### What you have to do
An exact restatement is required. Cover only the lines of the records from the first through the line with "Marmita de 750ml", and skip pictures.
[[ Available records, beginning ]]
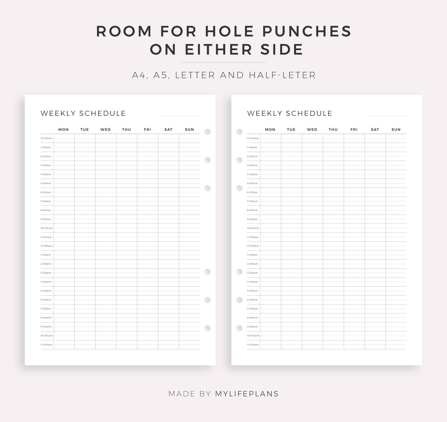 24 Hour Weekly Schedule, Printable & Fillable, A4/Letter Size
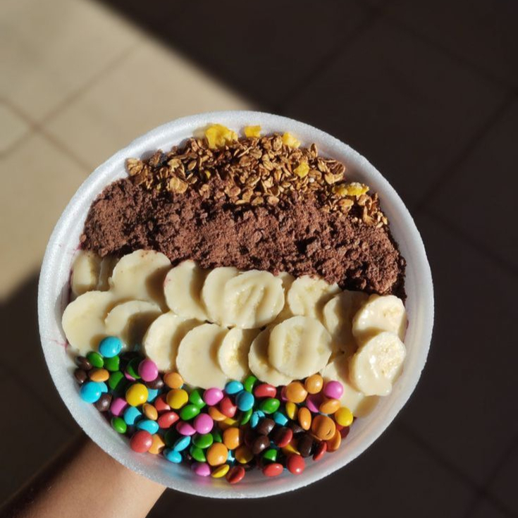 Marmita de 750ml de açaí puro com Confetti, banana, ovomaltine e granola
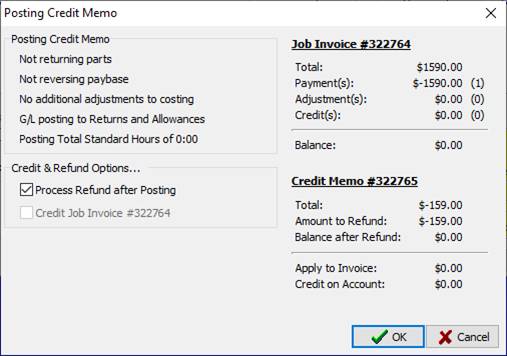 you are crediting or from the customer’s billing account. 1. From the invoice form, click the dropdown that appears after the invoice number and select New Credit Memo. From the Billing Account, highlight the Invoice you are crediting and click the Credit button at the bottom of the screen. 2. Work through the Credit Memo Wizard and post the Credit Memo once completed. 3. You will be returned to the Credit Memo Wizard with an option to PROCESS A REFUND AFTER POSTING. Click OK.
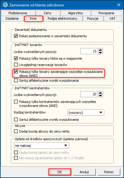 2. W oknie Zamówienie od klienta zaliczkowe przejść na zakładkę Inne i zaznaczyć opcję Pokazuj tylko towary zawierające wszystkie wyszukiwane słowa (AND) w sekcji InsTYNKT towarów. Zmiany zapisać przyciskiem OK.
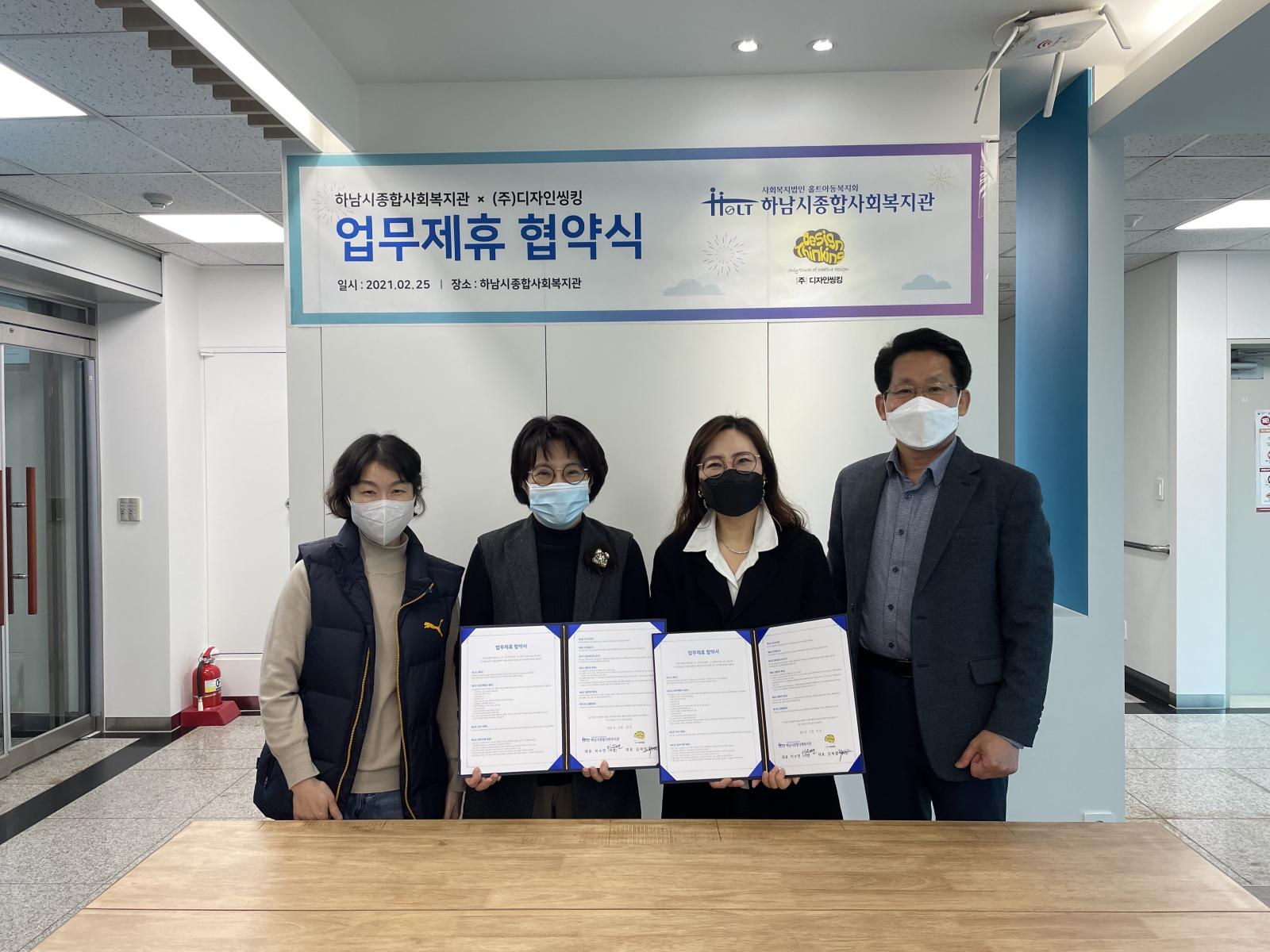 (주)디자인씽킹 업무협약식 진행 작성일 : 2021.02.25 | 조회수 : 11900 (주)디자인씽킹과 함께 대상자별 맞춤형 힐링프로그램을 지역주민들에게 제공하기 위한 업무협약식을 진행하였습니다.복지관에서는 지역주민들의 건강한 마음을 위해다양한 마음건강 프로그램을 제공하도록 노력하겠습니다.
[[ Available records, end ]]
### Solution for this task
 24 Hour Weekly Schedule, Printable & Fillable, A4/Letter Size
 Marmita de 750ml de açaí puro com Confetti, banana, ovomaltine e granola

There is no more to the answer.